Chapter 11

5.6K 230 0
                                        

Naina duduk di pojokan kamarnya, memeluk lutut sambil menggigit bibirnya yang bergetar. Air mata yang sejak tadi menggenang tak kunjung berhenti mengalir.

Tangannya berulang kali menggenggam ponsel, mengetik pesan panjang hanya untuk segera menghapusnya lagi. Dia ingin meminta maaf, ingin menjelaskan, ingin tahu apakah Reigha masih marah atau tidak.

Tapi, apa gunanya? Dia tahu Reigha tidak akan membalas.

Di sisi lain, Reigha duduk di kamarnya yang remang-remang, tatapannya terpaku pada layar laptop.

Esok harinya, Naina yang masih terjebak dalam kesedihan, terlonjak kaget saat sesuatu yang dingin menyentuh pipinya. Dia menoleh cepat dan mendapati Reigha berdiri di sampingnya, menekan kaleng minuman dingin ke wajahnya dengan ekspresi datar.

"Sudah ku maafkan," kata Reigha singkat.

Mata Naina melebar, napasnya tertahan sejenak. Dia menatap pemuda itu dengan ragu, memastikan bahwa dia tidak salah dengar.

"Benarkah…?" suaranya bergetar, penuh harap.

Reigha menghela napas pelan, meletakkan minuman itu di tangan Naina. "Kalau aku bilang begitu, ya berarti begitu."

Naina merasakan kehangatan menjalar ke dadanya. Seolah beban besar yang menekannya sejak semalam tiba-tiba menghilang.

Dia menggenggam erat kaleng itu, menundukkan kepala untuk menyembunyikan senyumnya yang mulai merekah.

"Terima kasih…" bisiknya pelan.

Reigha tidak menjawab, hanya mengangkat satu alisnya sebelum menatap langit yang cerah di atas mereka.

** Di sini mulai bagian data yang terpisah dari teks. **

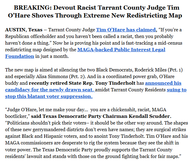 Long story, short, the Republicans are redistricting the County Commissioners Court to eliminate the Black representation we have. It’s racist, it’s ugly, and while this was going on, this video of Judge Tim O’Hare has surfaced (less than one minute- Source: Chris Tackett, filmed initially on The Wolf and The Shepherd podcast):
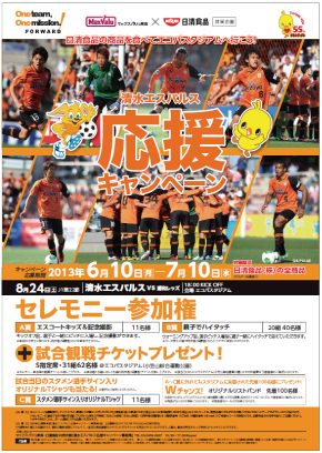 浦和レッズ戦(8/24@エコパ)のマッチデースポンサーである日清食品と静岡県内を中心に展開するスーパーマーケットのマックスバリュ東海の共同企画による『清水エスパルス応援キャンペーン』を6月10日(月)より実施いたしますので、下記の通りお知らせいたします。
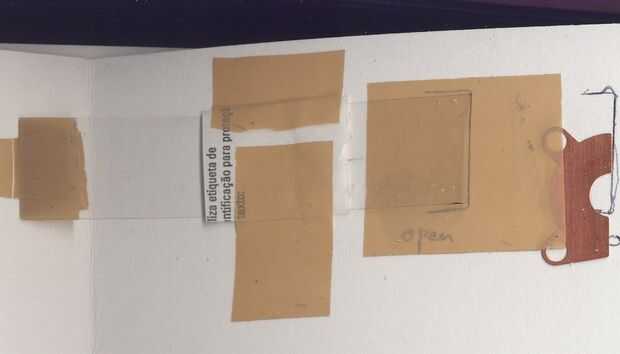 Aquí he pegado una plancha de cobre de un viejo condensador variable que una placa del interruptor. La pieza de plástico transparente que opera el interruptor se ha guiado a través de una funda de papel para que confiablemente cortará la música de cada tiempo.

Seolah tak terjadi apa-apa semalam.

Seolah semuanya baik-baik saja.

Reigha menyandarkan tubuhnya ke pagar atap, menatap Naina dengan ekspresi datar. Seolah-olah dia hanya bertanya asal saja, dia membuka suara, "Kau menangis semalaman?"

Naina buru-buru menggeleng. "Tidak," jawabnya cepat, suaranya sedikit serak.

Reigha mengangkat alis, menahan tawa sinis yang hampir keluar. Bohong. Matanya merah dan bengkak, suaranya jelas menunjukkan jejak tangisan. Dan dia tahu—karena dia menyaksikan semuanya.

Dia mendekat, mencondongkan tubuhnya sedikit ke arah Naina. "Oh ya? Matamu bilang lain," ucapnya, suaranya rendah tapi tajam.

Naina menunduk, menggigit bibirnya.

Melihat itu, Reigha semakin muak. Dia tidak mengerti, untuk apa Naina berbohong padanya? Seolah dia tidak tahu segalanya. Seolah semua yang dia lakukan semalam—mengawasi, mendengar, memastikan gadis itu tetap bernapas—tidak ada artinya.

Dia menghela napas panjang, lalu menarik diri, menegakkan tubuhnya kembali. "Lain kali, kalau mau bohong, setidaknya buat itu lebih meyakinkan," katanya dingin, sebelum meneguk minuman dingin yang tadi dia bawa.

Naina hanya diam, tak mampu membalas.

Sejak saat itu, Naina mulai menyadari sesuatu—sekecil apa pun kebohongan yang ia ucapkan, Reigha pasti mengetahuinya. Tidak ada yang bisa ia sembunyikan.

Anehnya Reigha selalu tahu. Entah bagaimana, dia bisa membaca ekspresi, gerak-gerik, bahkan mungkin detak jantungnya.

Jadi, saat Reigha menatapnya dengan mata tajam itu lagi, Naina tidak punya pilihan selain jujur.

"Aku memang menangis semalaman," akhirnya ia mengaku, suaranya lirih.

Reigha hanya menatapnya, lalu mengangkat bahu seolah jawabannya sudah jelas sejak awal. "Bagus," katanya santai. "Setidaknya kau mulai belajar untuk tidak membuang waktuku dengan kebohongan murahan."